Na prática, a Ética Profissional em sua trajetória histórica, traz respostas para os conflitos éticos a partir de fórmulas pré-estabelecidas. Em outras palavras, tende a restringir a orientação moral da conduta humana ao que se pode ou não se pode fazer ou ao que se deve ou que não se deve fazer. Tais orientações, fundamentam-se nos estatutos, nas leis, ou mesmo nos mandamentos éticos normativos das corporações profissionais. Assim, a Ética Profissional está pautada em proibições, vetos, limitações ou simplesmente normatização114.
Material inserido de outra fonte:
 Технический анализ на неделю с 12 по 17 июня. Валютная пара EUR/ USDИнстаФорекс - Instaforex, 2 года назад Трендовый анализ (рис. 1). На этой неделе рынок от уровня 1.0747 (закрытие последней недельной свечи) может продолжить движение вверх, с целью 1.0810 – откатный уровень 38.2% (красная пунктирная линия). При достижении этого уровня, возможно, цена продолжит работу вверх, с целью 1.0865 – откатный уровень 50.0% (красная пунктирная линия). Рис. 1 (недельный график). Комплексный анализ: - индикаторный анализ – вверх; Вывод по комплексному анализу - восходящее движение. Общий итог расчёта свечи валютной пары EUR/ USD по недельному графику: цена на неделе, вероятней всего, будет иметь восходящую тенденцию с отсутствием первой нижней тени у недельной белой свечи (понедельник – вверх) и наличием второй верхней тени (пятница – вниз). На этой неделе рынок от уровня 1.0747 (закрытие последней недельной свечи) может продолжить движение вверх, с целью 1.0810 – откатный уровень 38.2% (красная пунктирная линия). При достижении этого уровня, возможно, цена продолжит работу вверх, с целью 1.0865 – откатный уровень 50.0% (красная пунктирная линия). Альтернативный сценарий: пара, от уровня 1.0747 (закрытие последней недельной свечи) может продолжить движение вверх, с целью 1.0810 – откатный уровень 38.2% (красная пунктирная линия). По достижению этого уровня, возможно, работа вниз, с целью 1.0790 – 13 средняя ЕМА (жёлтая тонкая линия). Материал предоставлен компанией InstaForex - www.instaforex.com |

Pela tradição do ensino da ética, na “maioria dos cursos da área da saúde, ainda prevalece o modelo de ensino de Bioética conduzido pela disciplina de Deontologia, na qual a matéria é apresentada como um elenco de normas legais estatuídas para dar respaldo moral às tomadas de decisões profissionais.”115 No mesmo sentido, salienta Drumond que “até o presente, alguns dos princípios norteadores da conduta ética no campo da saúde fundamenta-se na tradição deontológica.”116 Por isso,

muitas disciplinas, apesar de receber o título de “bioética” os conteúdos temáticos ainda são estruturados a partir de preceitos, mandamentos e normas de natureza deontológicas.
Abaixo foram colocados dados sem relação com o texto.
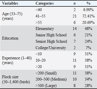 where p represents the probability of a farmer exhibiting a high level of AWK or AWP. Regression coefficients (β) describe the direction and strength of associations, whereas odds ratios (OR=e^β) indicate the change in likelihood associated with a one-unit increase in each predictor. To evaluate the discriminatory performance of significant predictors, the receiver operating characteristic (ROC) curve analysis was conducted. The AUC was interpreted using conventional thresholds: <0.6=poor, 0.6–0.7=fair, 0.7–0.8=moderate, and >0.8=good discrimination (Çorbacıoğlu and Aksel, 2023). A significance level of p < 0.05 was applied throughout the study. Ethical approvalThis study was reviewed and approved by the Humanities Research Ethics Committee, the Ethics Committee on Social Studies and Humanities, and the National Research and Innovation Agency on July 4, 2023, with approval number 450/KE.01/SK/07/2023. All procedures complied with the principles of the Declaration of Helsinki and the COPE guidelines for human participants. Participation was voluntary, and informed consent was obtained before data collection. The respondents were assured of anonymity and confidentiality, and the data were used solely for research. ResultsCharacteristics of the duck farmersThe characteristics of duck farmers in Bekasi (Table 1) revealed that most were in the productive age group of 41–55 years (72.41%), with a predominance of low educational attainment, as nearly half (48%) had only completed elementary school, and only 7% had college or university education. Farming experience was relatively balanced, with the largest proportion having 10–20 years of experience (38%), while flock sizes varied, though small to medium operations (<200–500 birds) were more common (72%) compared to large flocks (>500 birds, 28%). Table 1. Characteristics of Bekasi duck farmers (n=29).
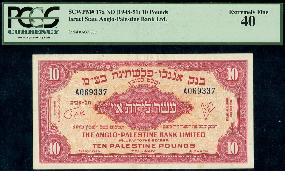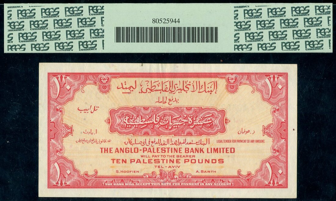 (x) Anglo-Palestine Bank Limited, Israel, £10, ND (1948), dark blue serial number A 069337, pink on orange, guilloche pattern, value in each corner, reverse, pink on orange

Sem a pretenção de retomar a discussão sobre os fundamentos da Ética Tradicional, uma vez que esse tema já foi amplamente abordado nos capítulos iniciais, um outro aspecto a ser lembrado refere-se ao fato de que a corrente principialista teve origem nos deveres prima facie a partir da teoria do eticista inglês David Ross. Tais abordagens despertaram as atenções do filósofo Tom Beauchamp e do teólogo James Childress. Foi a partir daí que eles iniciaram seus estudos. De modo que, desde os princípios éticos apresentados pelo Relatório Belmont até a sistematização dos princípios prima facie no livro Princípios de ética biomédica, o enfoque deontológico está presente no dia-a-dia da vida profissional.

Talvez esteja nesse aspecto histórico o grande ponto de encontro entre Ética de inspiração deontológica e a Bioética. Conforme pondera Anjos:

Existe na bioética brasileira um interessante ponto de encontro entre a ética normativa e a ética aplicada (bioética), por meio das deontologias profissionais. De mais longa data, elas antecedem o surgimento da

bioética e se fazem nela presentes, de vários modos117.

São esses os elos que às vezes levam a se identificar a Bioética, especialmente na área da medicina, como renovação da Ética deontológica, chegando-se até mesmo reduzir a Bioética à Ética Médica ou, pelo menos, criar expectativas de que a Bioética tenha uma convergência e desfecho para as regras de condutas117.

Como lembra Anjos117, a Bioética surgiu justamente da crise da Ética normativa,

ou seja, diante da falência de valores universais para regrarem as condutas humanas, sobretudo relacionada às experiências clínicas realizadas em seres humanos.